2. A vast semi-regulated sea of Chinese-built devices of all kinds flowing into the US, too many to be effectively controlled or destroyed, many of them used by emergency and government workers.

Come on, people. Maybe China is a threat to us and maybe it isn't, but if there's a problem, at least attack it in a logical way.

Comment Re:What distribution left for developers? (Score 1) 455

Debian got a reputation for archaism mostly due to the incredibly long-lived 3.x series (2002-2007 I believe), but since then they've been on a two-year release cycle. That sounds crazy to some in the Linux world, but it's comparable to release cycles for Windows and some of the surviving Unixes, and for the same reason: stability. You get a very consistent, reliable base OS plus security updates when needed, and newer software is available via back-ports or the universal Unix package system: source code.

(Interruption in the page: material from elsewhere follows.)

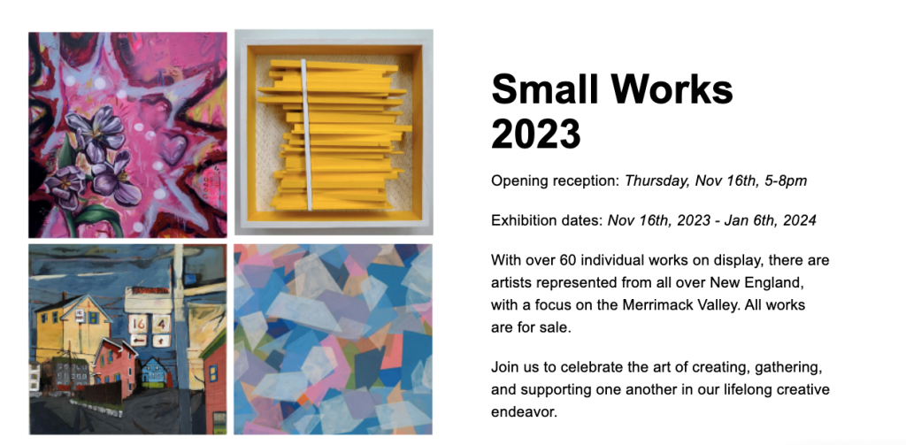 I will have 9 new works in the Enormous Tiny Art Show #39 at Nahcotta Gallery in Portsmouth NH.

Windows and proprietary Unixes do it to match slow enterprise IT cycles. I think Debian does it partially for the same reason (there are plenty of Debian servers out there), and partially because as the basis for so many distros, careless changes to Debian have potential to screw up about half the Linux world. Yes, those other distros are doing their own QA and packaging mostly, but still you can understand why they'd be conservative about getting you the latest bits.

Re: sid/unstable, it's definitely prone to breakage. But it tends to get fixes much faster than testing or stable, and the few days' delay probably isn't an insurmountable problem since you're not running it on production servers or anything. If you are, that isn't Debian's problem. I've used sid on desktop systems many times and never noticed a single glitch.